A la mitad del camino hacia el río Fénix se detuvo, se bajó de la bici, y se sentó a fumar en un banco. El calor se hacía notar un poco más ahora, y nuestro héroe se tomó unos quince minutos de descanso.

Al retomar la marcha, no solo estaba recuperado físicamente, sino que también se le había despertado un buen humor galopante. Y de golpe el paisaje le resultó mucho más agradable.

Cuando llegó a la rocosa playa se sorprendió por la cantidad de desperdicios que el río había devuelto. Desde envoltorios de papas fritas hasta pedazos de neumático. Así era el paisaje urbano, una fiel postal de la difícil convivencia entre la naturaleza y los seres humanos.

Y a Fénix le encantaba ese contraste. Como cuando comienza a crecer el pasto entre las baldosas de los barrios más antiguos. O cuando de los jardines internos de los edificios crecen enormes enredaderas que camuflan el ruin color caqui de la ciudad.

Por alguna razón esa ardua lucha entre la flora y el cemento despertaba todo el aprecio de nuestro héroe urbano, quien fumando observó la inmensidad del gran Río de la Plata hasta que se hicieron las 18:45.

Emprendió la marcha cuando todavía quedaba algo de luz en el cielo, y a mediana velocidad regresó al viejo barrio de San Cristobal.
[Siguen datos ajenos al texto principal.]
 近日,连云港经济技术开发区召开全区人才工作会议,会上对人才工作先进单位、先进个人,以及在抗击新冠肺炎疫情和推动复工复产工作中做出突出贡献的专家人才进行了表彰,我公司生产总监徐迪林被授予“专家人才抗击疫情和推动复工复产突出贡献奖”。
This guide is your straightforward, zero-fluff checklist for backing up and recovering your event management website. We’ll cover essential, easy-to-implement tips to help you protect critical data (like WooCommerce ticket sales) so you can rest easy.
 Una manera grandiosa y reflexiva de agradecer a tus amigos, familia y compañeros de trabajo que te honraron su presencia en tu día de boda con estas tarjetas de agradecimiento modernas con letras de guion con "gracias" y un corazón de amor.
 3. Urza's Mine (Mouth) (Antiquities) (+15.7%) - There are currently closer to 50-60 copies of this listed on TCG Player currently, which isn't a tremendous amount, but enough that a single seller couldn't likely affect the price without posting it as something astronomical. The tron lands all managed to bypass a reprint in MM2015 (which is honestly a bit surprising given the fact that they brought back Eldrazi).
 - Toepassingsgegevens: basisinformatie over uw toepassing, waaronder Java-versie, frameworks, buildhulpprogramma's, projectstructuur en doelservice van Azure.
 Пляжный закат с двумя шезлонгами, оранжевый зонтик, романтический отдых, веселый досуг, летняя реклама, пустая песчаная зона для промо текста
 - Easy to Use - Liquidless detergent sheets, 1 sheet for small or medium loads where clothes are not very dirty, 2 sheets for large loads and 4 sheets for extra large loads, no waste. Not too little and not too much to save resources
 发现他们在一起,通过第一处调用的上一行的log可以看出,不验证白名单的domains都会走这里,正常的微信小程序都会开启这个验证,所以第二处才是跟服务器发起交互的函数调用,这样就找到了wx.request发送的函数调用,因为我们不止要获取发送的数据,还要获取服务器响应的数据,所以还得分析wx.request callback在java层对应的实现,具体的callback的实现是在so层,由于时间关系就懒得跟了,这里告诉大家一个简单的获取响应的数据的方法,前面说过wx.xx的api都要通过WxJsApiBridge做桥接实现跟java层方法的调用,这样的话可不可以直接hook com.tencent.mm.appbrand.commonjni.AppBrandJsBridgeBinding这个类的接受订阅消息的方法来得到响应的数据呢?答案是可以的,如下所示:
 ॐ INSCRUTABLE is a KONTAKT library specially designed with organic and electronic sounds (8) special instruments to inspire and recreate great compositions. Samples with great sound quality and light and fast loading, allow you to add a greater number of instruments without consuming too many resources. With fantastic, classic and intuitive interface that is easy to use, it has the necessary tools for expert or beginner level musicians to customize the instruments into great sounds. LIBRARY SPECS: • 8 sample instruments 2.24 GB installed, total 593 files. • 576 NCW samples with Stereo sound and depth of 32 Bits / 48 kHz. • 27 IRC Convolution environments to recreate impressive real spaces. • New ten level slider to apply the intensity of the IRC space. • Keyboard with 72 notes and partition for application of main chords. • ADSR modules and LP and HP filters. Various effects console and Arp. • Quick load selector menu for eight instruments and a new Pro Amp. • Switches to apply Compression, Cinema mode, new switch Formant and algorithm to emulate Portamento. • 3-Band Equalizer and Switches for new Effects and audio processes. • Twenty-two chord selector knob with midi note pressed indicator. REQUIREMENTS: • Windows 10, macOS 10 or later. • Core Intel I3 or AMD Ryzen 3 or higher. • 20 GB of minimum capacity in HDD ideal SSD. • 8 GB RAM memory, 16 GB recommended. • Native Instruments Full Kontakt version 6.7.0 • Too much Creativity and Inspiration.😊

Lo primero que hizo, luego de guardar la bicicleta, fue ir al Carrefour de San Juan y Castro. Donde compró algunos artículos de limpieza que le faltaban, y medio pollo para comerlo con papas al horno esa misma noche.

Al regresar al departamento, prendió el horno para que se vaya calentando, mas luego se dio un baño relámpago que le devolvió parte la energía consumida durante toda la tarde.
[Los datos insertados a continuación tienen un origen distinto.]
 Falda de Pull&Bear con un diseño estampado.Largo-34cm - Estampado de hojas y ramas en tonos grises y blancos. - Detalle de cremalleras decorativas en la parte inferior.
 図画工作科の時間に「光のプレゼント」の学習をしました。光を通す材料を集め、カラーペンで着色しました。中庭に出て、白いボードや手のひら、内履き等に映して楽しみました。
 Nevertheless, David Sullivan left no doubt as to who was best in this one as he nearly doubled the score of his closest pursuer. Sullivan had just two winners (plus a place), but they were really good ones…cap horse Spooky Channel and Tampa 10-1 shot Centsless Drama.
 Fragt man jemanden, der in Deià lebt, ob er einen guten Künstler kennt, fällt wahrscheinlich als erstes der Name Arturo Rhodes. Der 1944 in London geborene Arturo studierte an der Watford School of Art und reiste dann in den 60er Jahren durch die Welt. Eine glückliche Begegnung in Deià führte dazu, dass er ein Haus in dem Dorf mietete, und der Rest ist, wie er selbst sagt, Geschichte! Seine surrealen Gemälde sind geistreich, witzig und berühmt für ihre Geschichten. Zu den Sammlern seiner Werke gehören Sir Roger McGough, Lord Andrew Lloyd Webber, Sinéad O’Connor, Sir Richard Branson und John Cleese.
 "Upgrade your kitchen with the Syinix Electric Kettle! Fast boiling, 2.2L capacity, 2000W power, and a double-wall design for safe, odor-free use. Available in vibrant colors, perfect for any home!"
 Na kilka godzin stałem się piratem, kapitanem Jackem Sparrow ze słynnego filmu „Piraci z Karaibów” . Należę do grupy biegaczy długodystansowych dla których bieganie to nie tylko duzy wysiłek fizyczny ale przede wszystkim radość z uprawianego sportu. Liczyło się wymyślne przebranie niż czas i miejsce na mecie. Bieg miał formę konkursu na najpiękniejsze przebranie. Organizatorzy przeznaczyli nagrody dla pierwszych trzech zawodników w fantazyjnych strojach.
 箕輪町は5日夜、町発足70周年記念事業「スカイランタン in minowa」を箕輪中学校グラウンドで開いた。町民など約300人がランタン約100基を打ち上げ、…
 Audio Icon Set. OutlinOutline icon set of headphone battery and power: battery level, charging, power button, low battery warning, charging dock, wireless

Separó una presa de pollo para hacer una buena salsa al día siguiente. El sabor de un trozo de pollo, cocinado en tuco, era único e irrepetible. Quedaba mucho mejor que con carne picada, o estofado. Al menos así lo sentía el paladar del joven Fénix.

Con el horno bien caliente, cortó las papas y puso todo en una asadera. Bañó con un chorro de aceite, y luego dejó caer una lluvia de ají molido y orégano sobre toda la fuente. Enseguida lo metió y pronto cerró la puerta del horno para que no se escape el calor.
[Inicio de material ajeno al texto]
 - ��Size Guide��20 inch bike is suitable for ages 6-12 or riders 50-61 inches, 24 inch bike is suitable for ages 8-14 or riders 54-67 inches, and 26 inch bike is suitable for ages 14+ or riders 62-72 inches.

Encendió la tele y puso la alarma para que suene a los quince minutos, y mientras el tiempo pasaba miró el final del partido entre Instituto y Aldosivi.

Al sonar la alarma, nuestro juvenil héroe gastronómico, giró la asadera 180º, porque el horno quemaba un poco más del lado de la puerta. Y luego reprogramó el despertador para que sonara doce minutos más tarde.

Instituto ya había ganado su partido por 2 a 0, y ahora estaban dando una película de los años ’90, una comedia romántica bien Hollywood. Fénix se sentó a verla, pero no le pudo prestar la más mínima atención.

A la segunda alarma sacó la asadera del horno para dar vueltas las papas. Las removió con una espátula, logrando así que no se desarmen ni se rompan. Y luego trozó el pollo y lo bañó con mucho jugo de limón. Nuevamente al horno, y en veinte minutos más ya estaría todo bien cocinado.

Finalmente decidió apagar la tele, y se puso a fumar con Bob Marley sonando de fondo. Y antes que el pollo estuviera listo, bajó a comprar una gaseosa para acompañar la cena.

Cuando ingresó nuevamente al edificio, el olor a pollo con papas se sentía desde la planta baja, ya estaba a punto. Subió y lo sacó del horno enseguida.

Olía y sabía realmente bien. Pollo con papas era el menú más repetido en casa de sus padres. Por eso lo hacía de memoria, y le salía tan jugoso y tierno, que parecía hervido en lugar de horneado.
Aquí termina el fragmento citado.